++++ Provided material

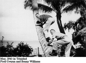 To balance the gruesome aspects of the Squadron's trip to South America was the exciting first encounter with foreign lands. Not that we ever even talked to the natives of Trinidad or learned anything about the island's history. Military men usually think of places they've been in terms of their military or alcoholic movement there. For Torpedo 16, Trinidad was an air-field with just one runway, so we did know we were in the tropics, where the wind is stable and prevailing. |
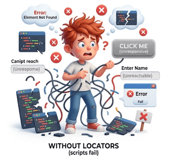 Without locators, the script is like a visitor wandering aimlessly, unable to perform any meaningful action.
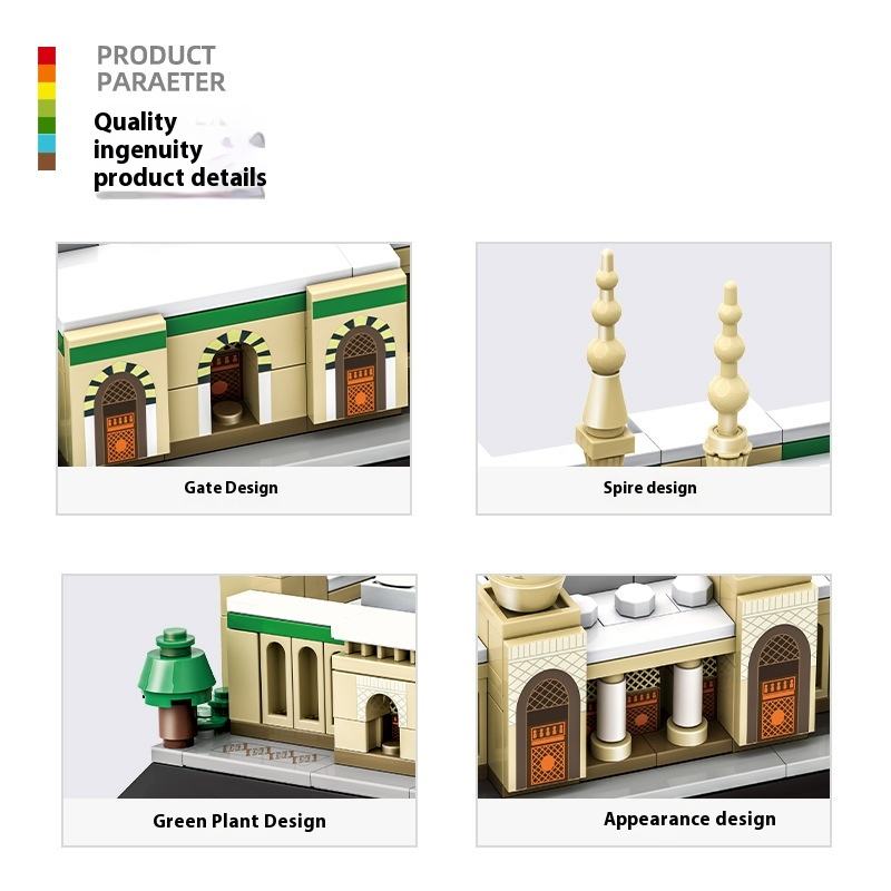 Gran oferta, juguete de construcción educativo, bloques de mezquita, diseño de vista de calle para niños, juego de Halloween, graduación, Navidad, boda, Pascua

++++++++

Work task> Please transcribe the lines from the one containing "Without locators, the" to the last line of the listing, both included, exactly and with nothing added, leaving every picture out.

Response to this task>
 Without locators, the script is like a visitor wandering aimlessly, unable to perform any meaningful action.
 Gran oferta, juguete de construcción educativo, bloques de mezquita, diseño de vista de calle para niños, juego de Halloween, graduación, Navidad, boda, Pascua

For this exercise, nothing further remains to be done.